Те, кто вытянул счастливые номера, вернулись в деревню первыми и возвестили о радости, выпавшей на их долю, и о печали, выпавшей на долю других; надо сказать, узнав о невезении Консьянса, ему сочувствовали все.

Консьянс был так добр, так мягок, так безобиден, что его любил каждый!

Бастьен сидел в кабачке, когда услышал новость; гусар, как это с ним порой случалось, уже выпил лишнего; глаза его ожили, язык развязался, и он рассказывал о своих походах, время от времени прерывая этот рассказ тостами в честь победителя Аустерлица и Ваграма. После пятого или шестого тоста, когда он подносил к губам стакан, до него донеслись слова:

— Консьянс вытянул несчастливый номер.

Нельзя не отметить, что, как ни близок к губам был его стакан, он их так и не коснулся.

— Что вы сказали там, у двери? — спросил он.

Один из счастливчиков с ленточкой на шляпе сунул голову в кабачок и ответил Бастьену:

— Мы говорили, что Консьянсу не повезло. Вот и все.

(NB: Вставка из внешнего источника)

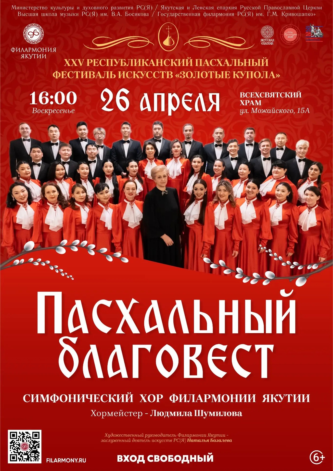 Концерт Симфонического хора Филармонии Якутии под управлением заслуженного деятеля искусств РС(Я) Людмилы Шумиловой пройдет в рамках XXV Республиканского Пасхального фестиваля искусств "Золотые купола".
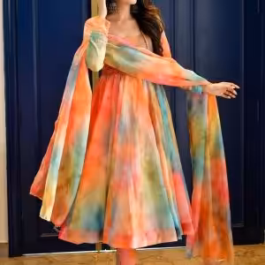 Aesthetic Blue Georgette Pant Style Suit with Patch Border, Embroidered and Swarovski Work
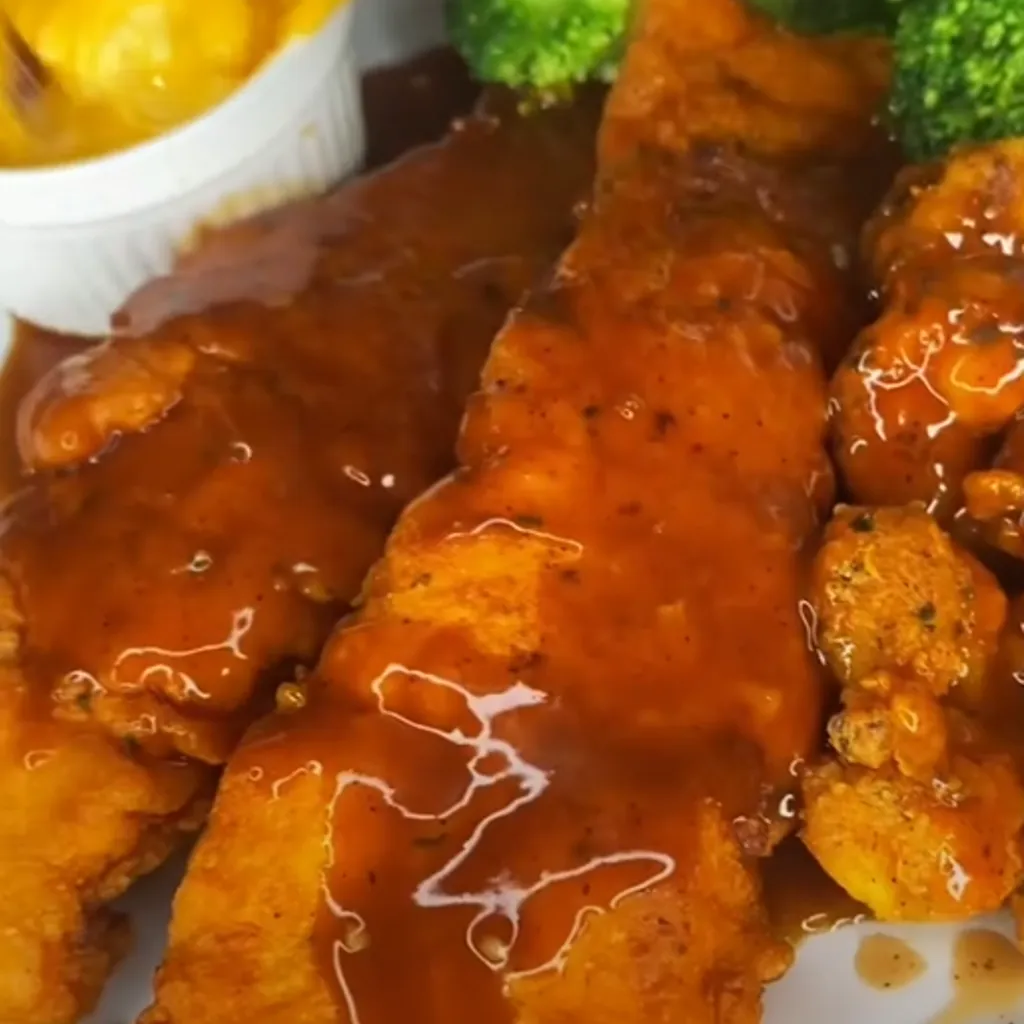 This quick and savory dish features pan-fried salmon and shrimp, known for their crispy golden texture and a tantalizing drizzle of hot honey sauce. Combining the best of the ocean with a sweet heat, it's the perfect main course for seafood lovers. Serve it alongside mac and cheese or steamed broccoli for a well-rounded meal.
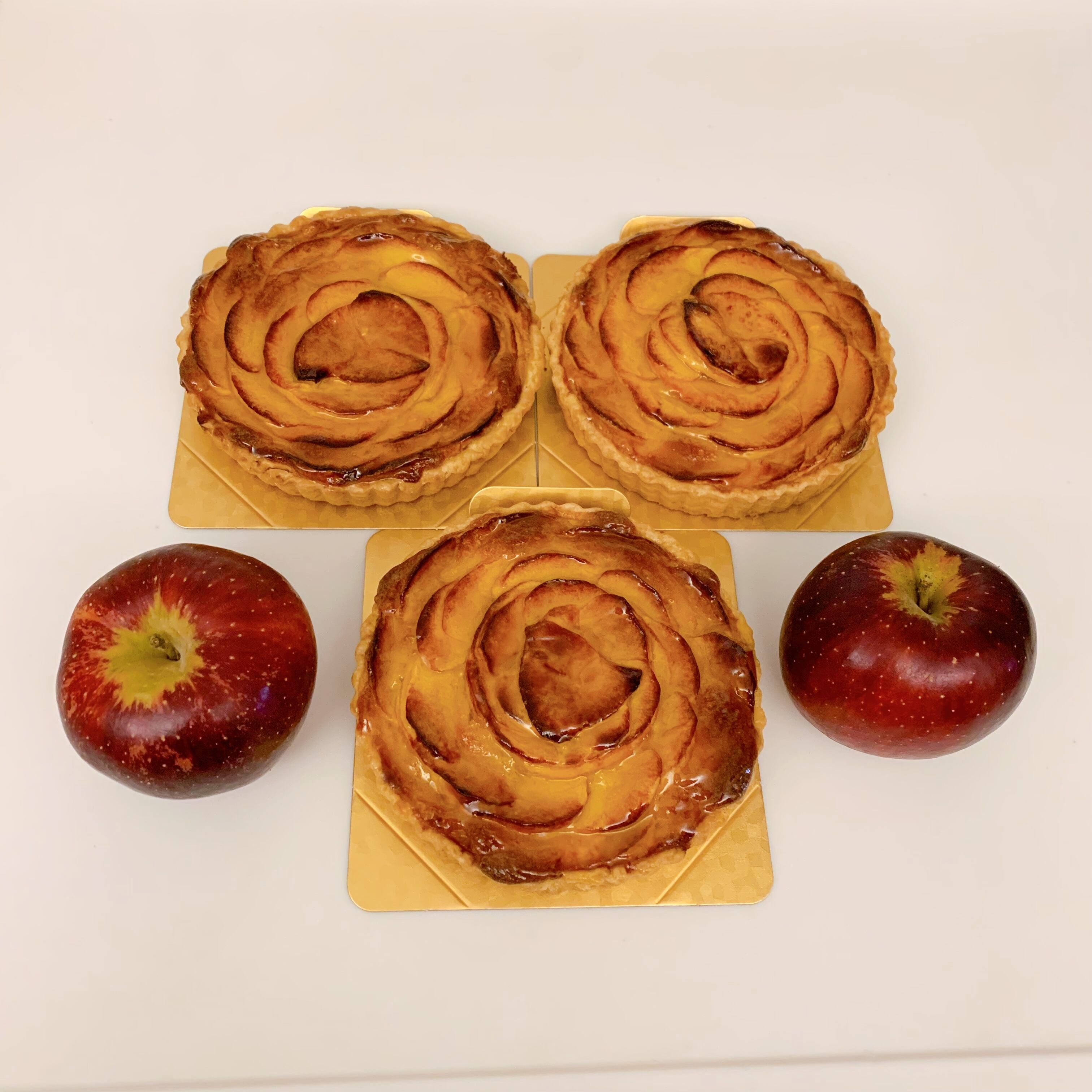 たっぷりのクレーム・ダ・マンド(アーモンドクリーム)の上にりんごをたっぷり飾ってしっとり焼き上げました。
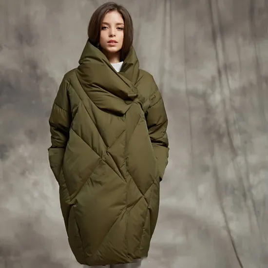 Products Description This is new design of Down coat. We use high quality duck down, the content is 90% duck down. So the coat is puffy and warm , it's good choose in winter season. Feature *Brand: Custom brand *Fabric Type:Fabric is nylon *Sleeve:Long Sleeve *Style: Fashion&Casual *Dress length: At knee *Design: Solid Color, Long Sleeve, Loose fit, Side Pockets, Hooded, Wrinkled cuffs Size Information
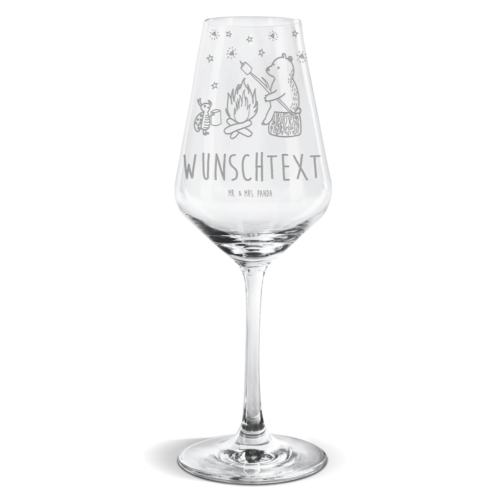 Spersonalizowany kieliszek do białego wina Niedźwiedź i biedronka przy ognisku
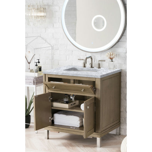 Chicago 30" Single Vanity, Whitewashed Walnut w/ 3 CM Carrara Marble Top
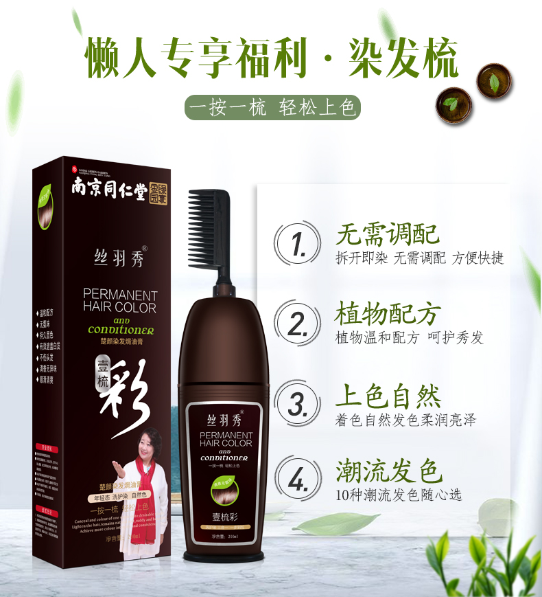 【南京同仁堂】专门做高端染发膏,梳发=染发,染完不伤发,一按一梳一洗,15分钟快速上色,温和不刺激,在家轻松搞定染发,健康安全,11种颜色可选~【赠运费险】
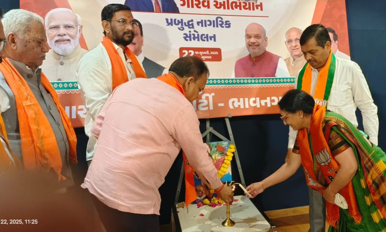 સંવિધાન ગૌરવ અભિયાન અંતર્ગત જીલ્લા ભાજપા દ્વારા તા.22/01/2025, મેઘાણી ઓડિટોરિયમ ખાતે પ્રદેશ ભાજપા મંત્રીશ્રી રઘુભાઈ હુંબલની વિશેષ ઉપસ્થિતિમાં ભાજપા પ્રદેશ અગ્રણી શ્રીમતી પલ્લવીબેન ઠાકર દ્વારા જીલ્લા ભાજપા અપેક્ષિત આગેવાનો, તાલુકા મંડલને સંબોધન કર્યું.
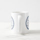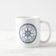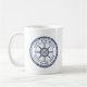 Coffe-Tasse mit dunkelblauen, eleganten Schiffsmalben und Seilschildern mit dem Namen Ihres Kapitäns und Bootsnamens auf weißem Hintergrund.
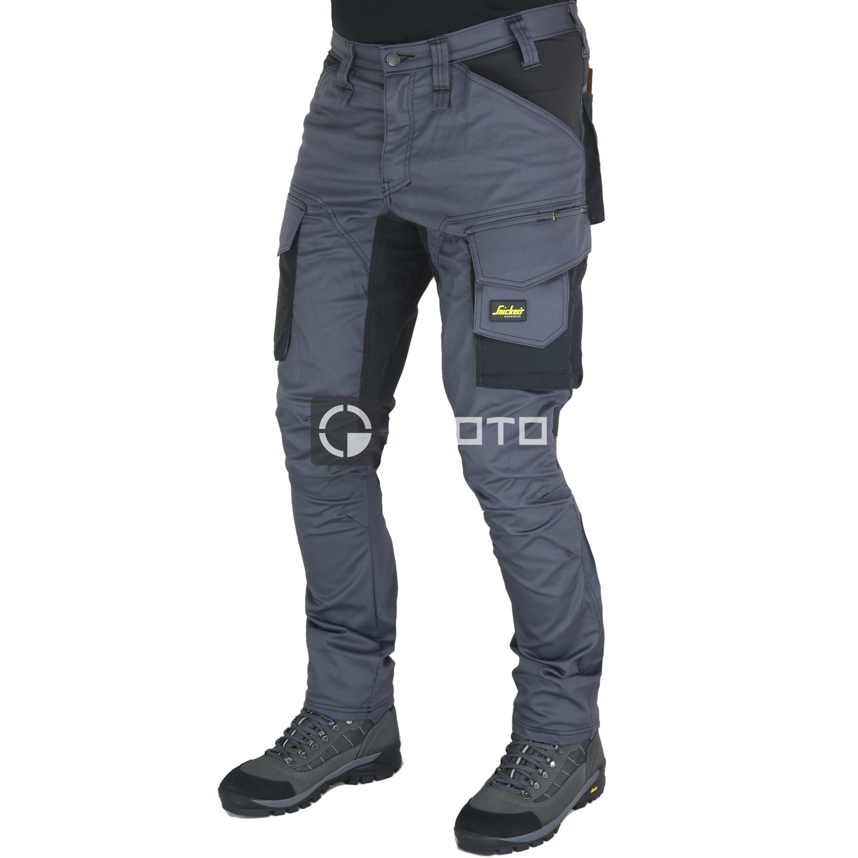 • detail SNICKERS Allround Stretch Slim šedé pánské pracovní kalhoty

— Вот и все?.. Черт подери! — закричал Бастьен, ставя стакан на стол. — Думаю, этого вполне достаточно и даже слишком, — с мрачным видом добавил он. — Ведь это же горе для двух семей!

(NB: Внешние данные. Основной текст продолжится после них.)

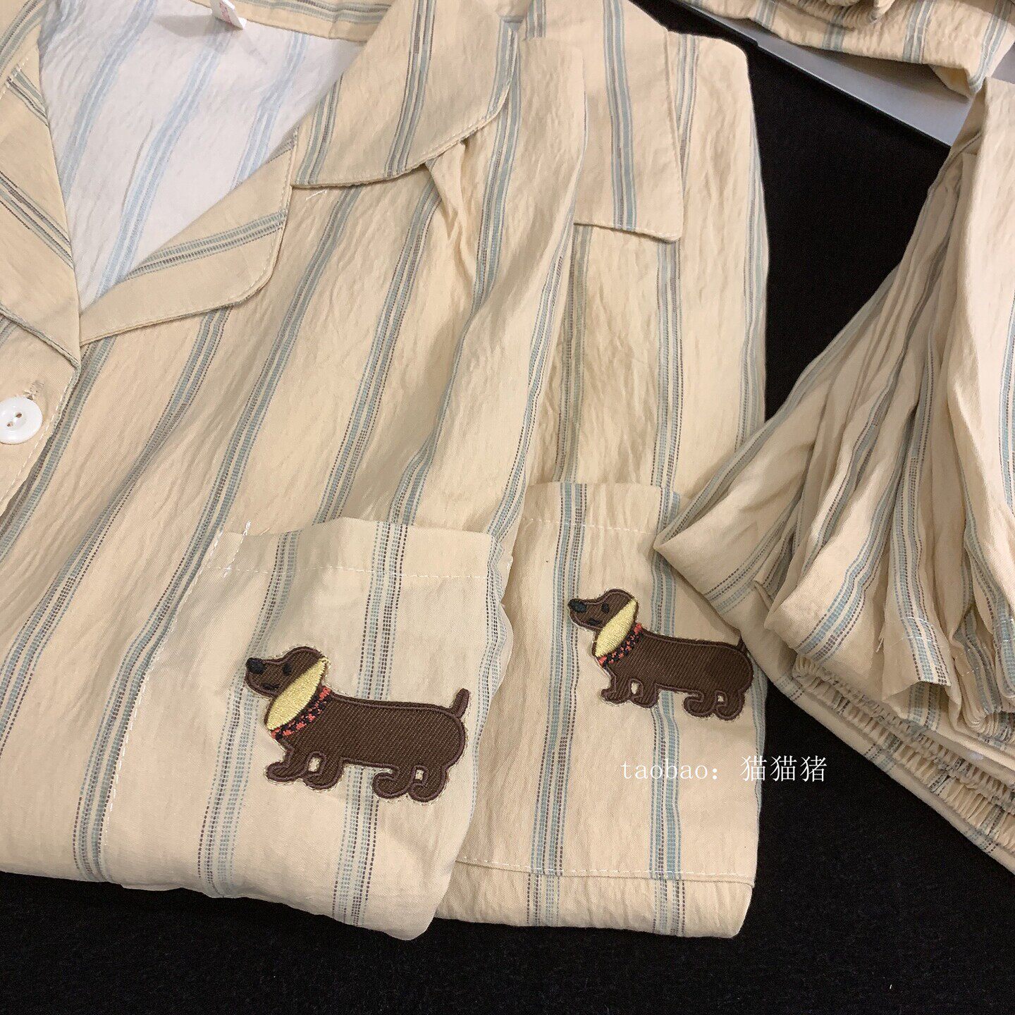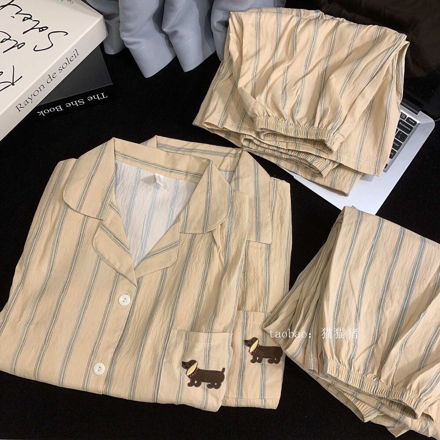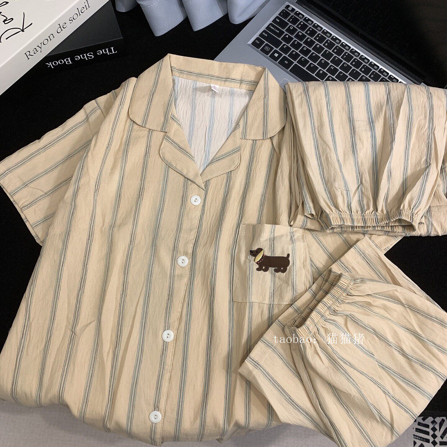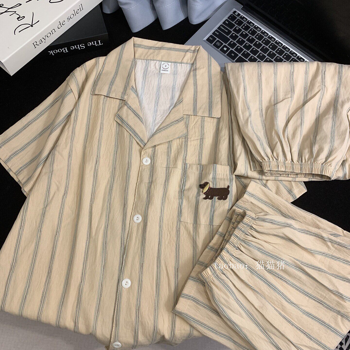 红豆条纹腊肠狗男士短袖三件套情侣睡衣女夏天纯棉纱大码学生家居

И, еще больше помрачнев, он сказал:

— Бедная Мариетта, доведется ей теперь плакать!

Поднявшись, не прикасаясь к недопитому наполовину стакану, не глядя на полупустую бутылку, он вышел из кабачка и, отыскав взглядом тех, кому улыбнулась удача, спросил:

— Где же он, этот несчастный Консьянс?

— Идет вслед за нами.

— По тропе или по большой дороге?

— По тропе.

— Ладно, я пойду, постараюсь его успокоить, если это возможно.

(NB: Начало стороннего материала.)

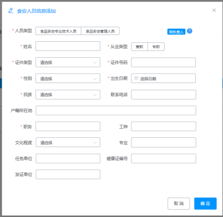 5、“食安人员、设施设备、从业人员、仓库、设备摆放点”这五个信息标签页的填写都是通过单击“操作”跳出编辑小窗口;
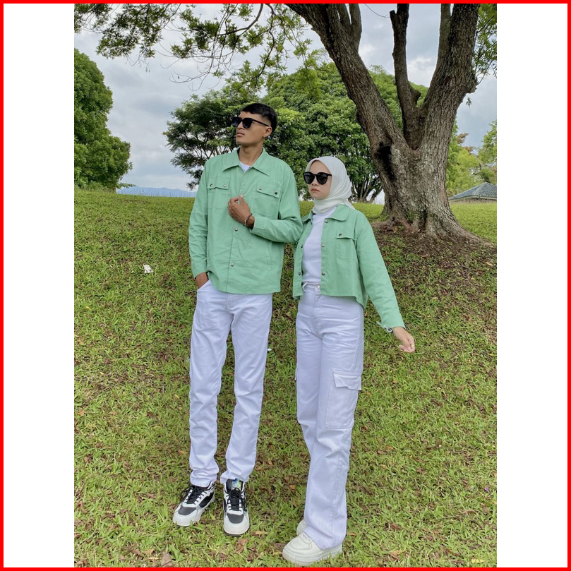 Himie Couple Set - Kemeja Kanvas Couple Sudah 2 Pcs - Baju Couple Pria Wanita Korean Style
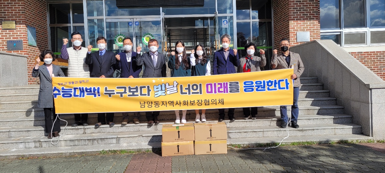 [강원사회복지신문 김종한 기자]=삼척시 남양동지역사회보장협의체(위원장 김기삼)는 지난 11월 10일 관내 고등학교(삼척여자고등학교, 삼일고)를 방문하여 고3 수험생 250명에게 100만원상당 찹쌀떡 등을 전달하면서 수능대박을 응원했다.
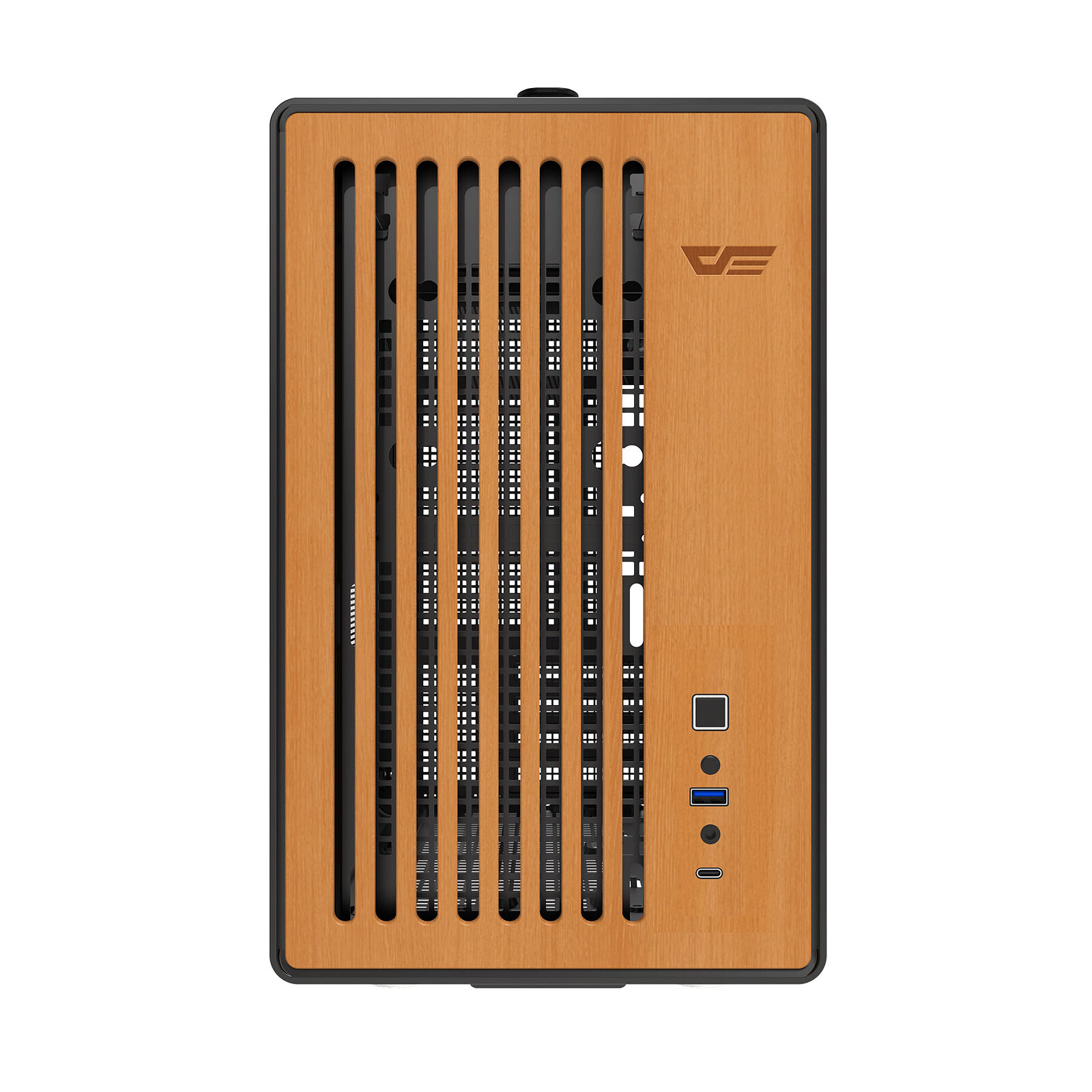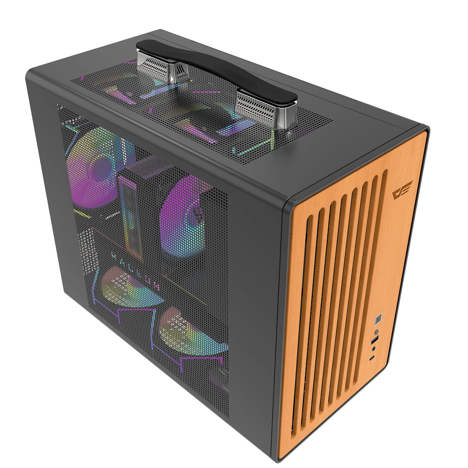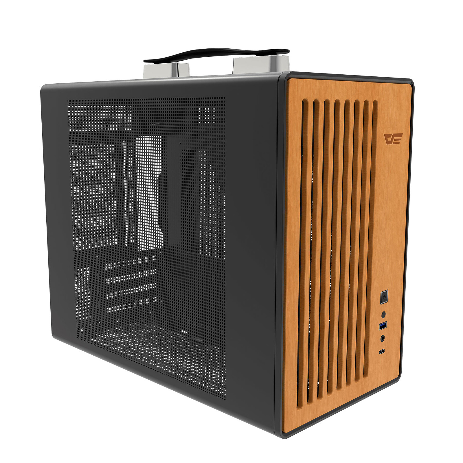 Le darkFlash WD200 est un boîtier compact conçu pour faciliter le transport et offrir une installation simple des composants. Sa poignée intégrée permet de le déplacer aisément, tandis que sa façade en placage bois de 5 mm apporte robustesse et résistance à l’humidité. La structure interne segmentée améliore l’accès à l’alimentation et simplifie l’intégration d’un modèle haut de gamme.

И он зашагал к окраине деревни.

Больше сотни людей толпились там и смотрели, как вдали за деревьями медленно движется процессия несчастных.

Консьянс шел впереди вместе с Мадлен; сердце ясно подсказывало ему, что в подобных обстоятельствах он должен в первую очередь позаботиться о матери.

За ними шли г-жа Мари и Мариетта.

Позади них ехали на осле папаша Каде с малышом Пьером, такие же молчаливые, как все, хотя ребенок не понимал ни причин, ни значимости этого горя.

Заметив их, все ожидавшие двинулись им навстречу; Бастьен шел первым — во главе толпы. Ему казалось, что у него для Консьянса припасено множество разумных суждений, множество еще не открытых для юноши горизонтов; ему казалось, что эти суждения столь убедительны, а горизонты столь радостны, что он, Бастьен, побеседовав с Консьянсом, за какой-нибудь десяток минут утешил бы его; но, увидев блаженного, Бастьен почувствовал, что язык у него прилип к гортани, и, замедлив шаг, он позволил себя догнать и перегнать сначала идущим впереди толпы, затем — идущим посредине ее, а в конце концов и самым задним; заметив глубокую печаль, охватившую оба семейства, гусар покачал головой и произнес:

— Я ошибался, только всеблагой Господь способен что-нибудь сделать для этих бедных людей!

Того же мнения держались и остальные; казалось, никто не может решиться промолвить хоть слово в утешение: были слышны лишь рыдания и вздохи.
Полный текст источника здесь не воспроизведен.